§ **Directions**
Apart from the pictures, every line below needs to be reproduced verbatim.

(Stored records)
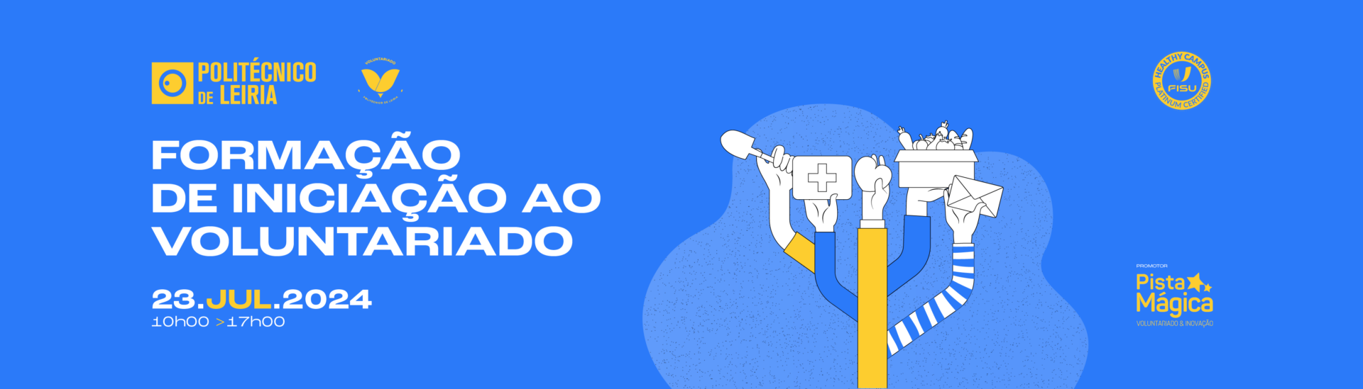 O Instituto Politécnico de Leiria irá promover, no próximo dia 23 de julho de 2024, entre as 10h e as 17h, o Curso de Formação de Iniciação ao Voluntariado, o qual irá ser ministrado em parceria com a entidade Pista Mágica.
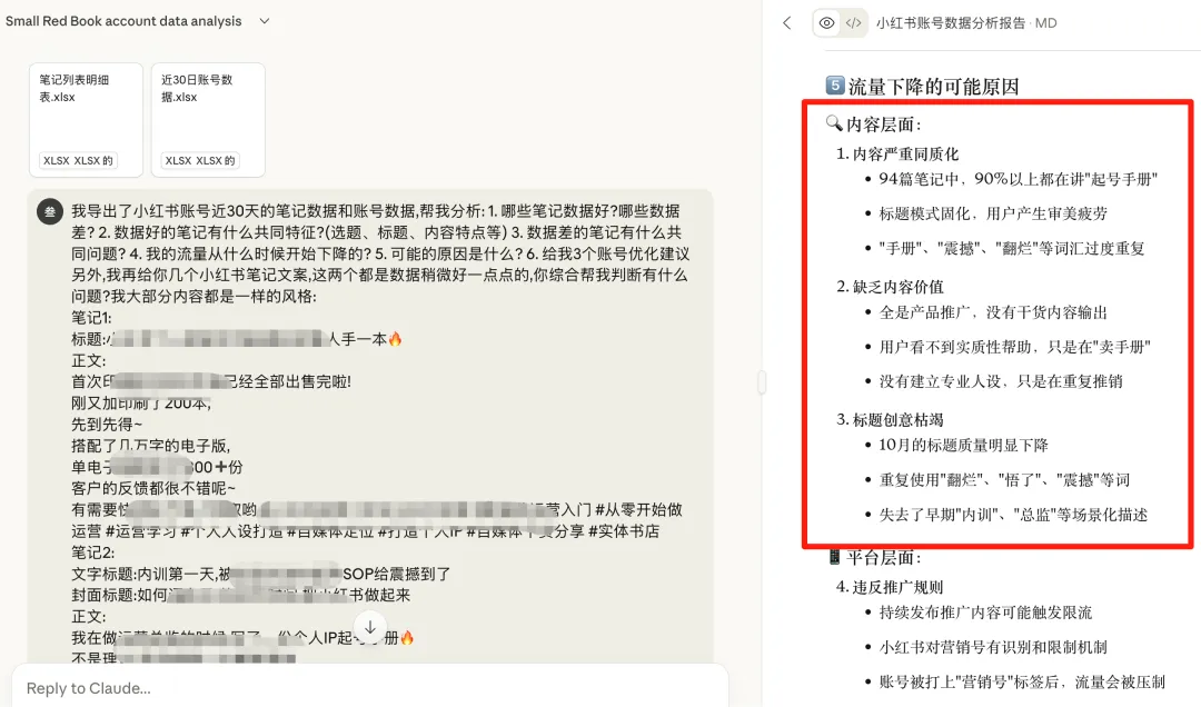 但只有数据,AI 很难判断问题在哪,所以还需要给 AI 发你最近3~4篇笔记,包含图片、标题和文案等,如果是视频的,要包含逐字稿,提供详细信息, AI 才能精准判断问题。
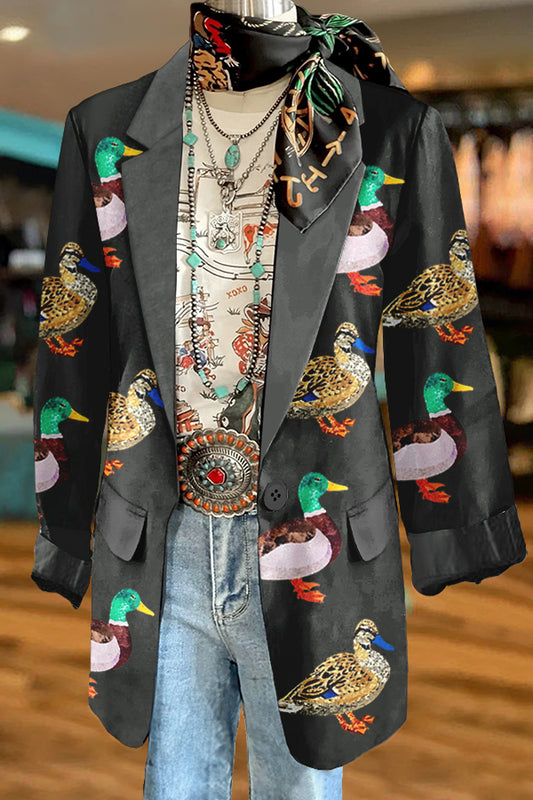 Women's Cactus and Ox Skull Print Slim Fit Suit Jacket
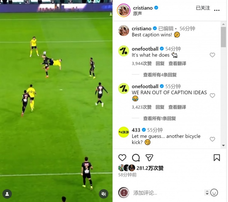 精彩绝伦!C罗赛后社媒晒倒钩破门视频
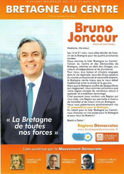 http://bretagnedemocrate.fr/ de Bruno Joncour, Tête de liste pour "Bretagne au Centre".
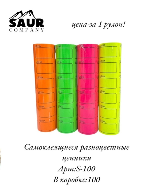 №S-100 Ценники самоклеящиеся разноцветные Разноцветные самоклеящиеся ценники — удобное решение для выделения акций, распродаж и маркировки товаров. Яркие цвета хорошо заметны и привлекают внимание покупателей. Легко наклеиваются на различные поверхности и прочно держатся. Подходят для ручной подписи и использования в этикет-пистолетах (при совместимости).
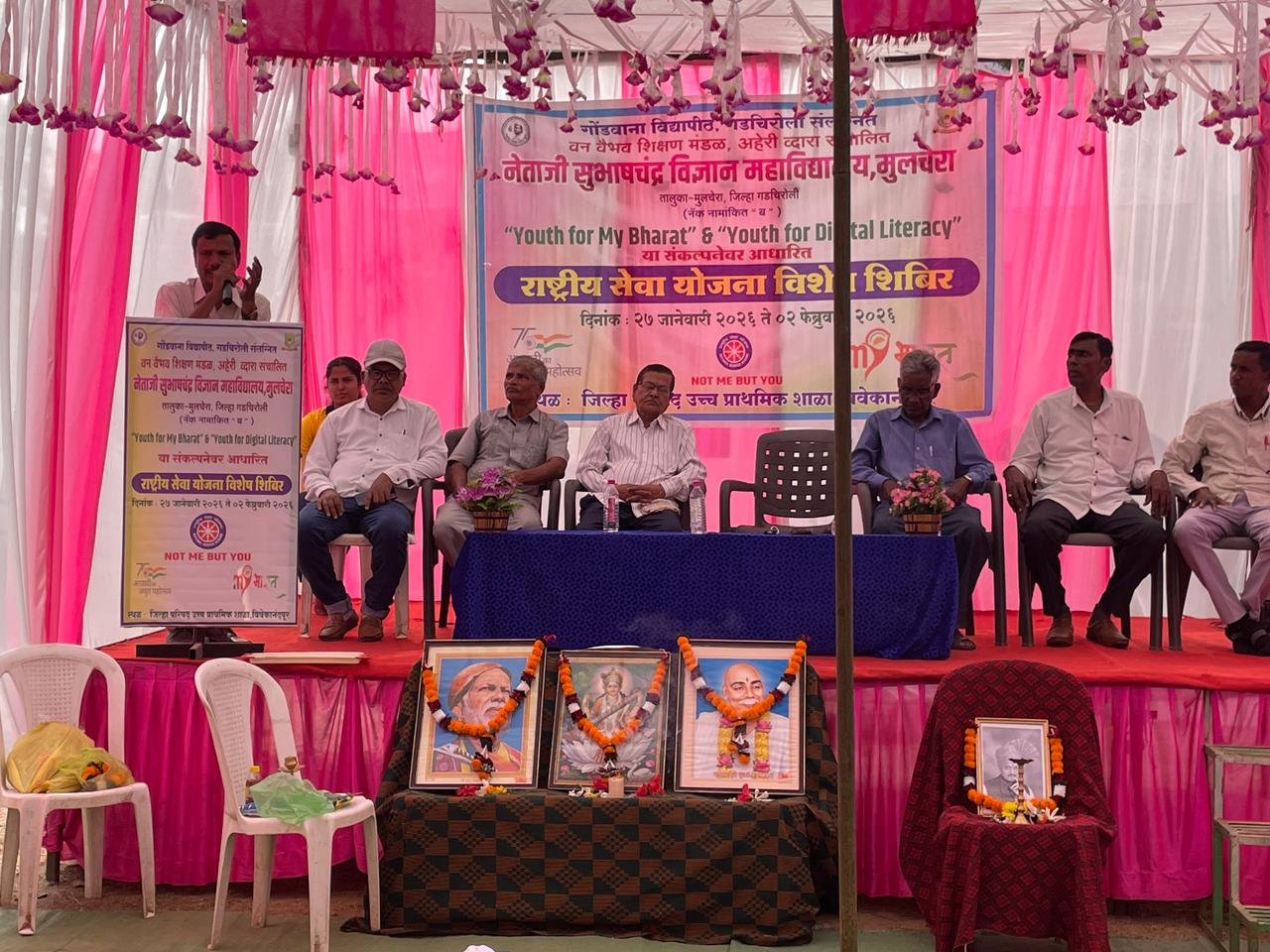 वन वैभव शिक्षण मंडळ अहेरी द्वारा संचालित नेताजी सुभाषचंद्र विज्ञान महाविद्यालय, मुलचेरा येथील राष्ट्रीय सेवा योजना (रा.से.यो.) विभागामार्फत आयोजित विशेष श्रमसंस्कार शिबिराचे उद्घाटन दिनांक २८ जानेवारी २०२६ रोजी जिल्हा परिषद प्राथमिक शाळा, विवेकानंदपूर (गणेशनगर) येथे उत्साहात पार पडले. हे शिबिर “Youth for My Bharat” आणि “Youth for Digital Literacy” या संकल्पनेवर आधारित असून दिनांक २७ जानेवारी ते २ फेब्रुवारी २०२६ या कालावधीत आयोजित करण्यात आले आहे.

§ **Response box**
 O Instituto Politécnico de Leiria irá promover, no próximo dia 23 de julho de 2024, entre as 10h e as 17h, o Curso de Formação de Iniciação ao Voluntariado, o qual irá ser ministrado em parceria com a entidade Pista Mágica.
 但只有数据,AI 很难判断问题在哪,所以还需要给 AI 发你最近3~4篇笔记,包含图片、标题和文案等,如果是视频的,要包含逐字稿,提供详细信息, AI 才能精准判断问题。
 Women's Cactus and Ox Skull Print Slim Fit Suit Jacket
 精彩绝伦!C罗赛后社媒晒倒钩破门视频
 http://bretagnedemocrate.fr/ de Bruno Joncour, Tête de liste pour "Bretagne au Centre".
 №S-100 Ценники самоклеящиеся разноцветные Разноцветные самоклеящиеся ценники — удобное решение для выделения акций, распродаж и маркировки товаров. Яркие цвета хорошо заметны и привлекают внимание покупателей. Легко наклеиваются на различные поверхности и прочно держатся. Подходят для ручной подписи и использования в этикет-пистолетах (при совместимости).
 वन वैभव शिक्षण मंडळ अहेरी द्वारा संचालित नेताजी सुभाषचंद्र विज्ञान महाविद्यालय, मुलचेरा येथील राष्ट्रीय सेवा योजना (रा.से.यो.) विभागामार्फत आयोजित विशेष श्रमसंस्कार शिबिराचे उद्घाटन दिनांक २८ जानेवारी २०२६ रोजी जिल्हा परिषद प्राथमिक शाळा, विवेकानंदपूर (गणेशनगर) येथे उत्साहात पार पडले. हे शिबिर “Youth for My Bharat” आणि “Youth for Digital Literacy” या संकल्पनेवर आधारित असून दिनांक २७ जानेवारी ते २ फेब्रुवारी २०२६ या कालावधीत आयोजित करण्यात आले आहे.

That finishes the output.